И вот ведь беда: я думаю, не только англичанину, но и нам, русским, отвечать было бы нечего. Действительно, художники наши, устроители нашего художественного отдела, действовали вовсе не таким образом, чтобы следовало их с восторгом хвалить, и граф Биконсфильд был прав, говоря, что нужно покровительство, нужно великодушное вмешательство. Таких художников, как члены Общества передвижных выставок, знающих, заботящихся о своем деле, полных энергии и предприимчивости, еще у нас слишком мало. А прочих надо по-биконсфильдовски на помочах водить. Надо им не поручать что-нибудь, а приказывать и указывать.
Что это за художники такие, что не умеют и сотни картин порядком повесить! Вот, например, нынче: ухитрились целую четверть нашей выставки оставить в полумраке и даже почти в темноте. Из четырех отделов или зал, на которые распадалась наша выставка, в одном, и едва ли не самом важном, распорядители забыли прочистить стекла наверху (по несчастному соображению общей выставочной комиссии они были закрашены белой краской еще до начала выставки), и оттого этот отдел оставался все время каким-то темным и мрачным подвалом, и многие из значительнейших произведений нашей школы сделались не только неузнаваемы, но их просто почти не видать было. Например, великолепные «Бурлаки» г. Репина, например, портрет графа Льва Толстого г. Крамского.
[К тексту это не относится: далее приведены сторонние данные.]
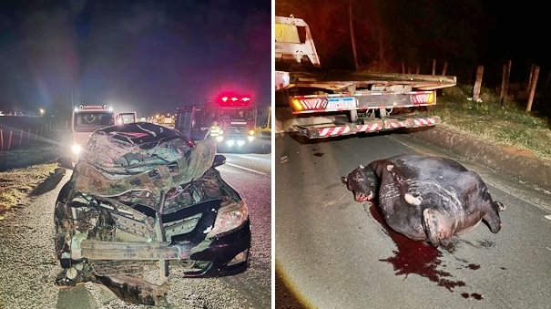 Acidente com boi e dois carros em Fernandópolis deixa quatro feridos

Я даже решительно не понимаю, как иные из иностранных критиков в состоянии были заметить их и отличить их достоинства.
Опять-таки такие хорошие картины, как «Петр Великий допрашивает царевича Алексея» г. Ге или «Чтение положения об освобождении крестьян» г. Мясоедова, повешены были на той вышине, где обыкновенно висят картины второстепенные и третьестепенные (из числа картин не очень больших размеров), и там они теряли девяносто сотых своего достоинства, тогда как парадировали на самых первых и выгодных местах картины обыкновенные, ровно ничем не замечательные.
Превосходный портрет г-жи Виардо, работы г. Харламова, неизвестно почему должен был, уже в середине лета, потерять свое настоящее, почетное место и уступить его одной из ординарнейших картин, а сам поместиться очень высоко, точно во втором этаже, и там пропала половина всех его совершенств. Таких переездов с квартир на квартиры, да еще тогда, когда полвремени выставки прошло, наверное не испытала ни одна из иностранных картин, тем паче из превосходных. Что за слабость, что за виляние недостойное!
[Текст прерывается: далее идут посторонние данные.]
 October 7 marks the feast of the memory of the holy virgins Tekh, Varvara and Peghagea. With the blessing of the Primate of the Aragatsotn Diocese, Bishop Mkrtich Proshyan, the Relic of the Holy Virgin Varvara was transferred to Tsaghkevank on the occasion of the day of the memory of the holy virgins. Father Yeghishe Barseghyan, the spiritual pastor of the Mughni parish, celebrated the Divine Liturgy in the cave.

Наконец, некоторые из замечательнейших наших художественных произведений были сосланы из зал нашего отдела прямо в сени, в те проходы и коридоры, которыми начинался и кончался каждый отдел. И по мастерству техники, и по могучей кисти, и по чудному, блестящему колориту, и по оригинальности воображения, я не видал на всей выставке акварелей выше и лучше акварелей покойного нашего Гартмана: его фигуры и костюмы для постановки «Руслана» и «Вражьей силы», каковы, например, «Волшебные сады Черномора», сам Черномор, злой «Колдун», «Поезд масленицы» и многие другие, принадлежат к числу таких созданий, которые наверное сделали бы нам честь и которыми бы гордилась каждая художественная школа. Эти «картинки» и по силе творчества, и по самостоятельности своей, и по высокому художеству стоят многих из самых уважаемых и высоко ценимых картин.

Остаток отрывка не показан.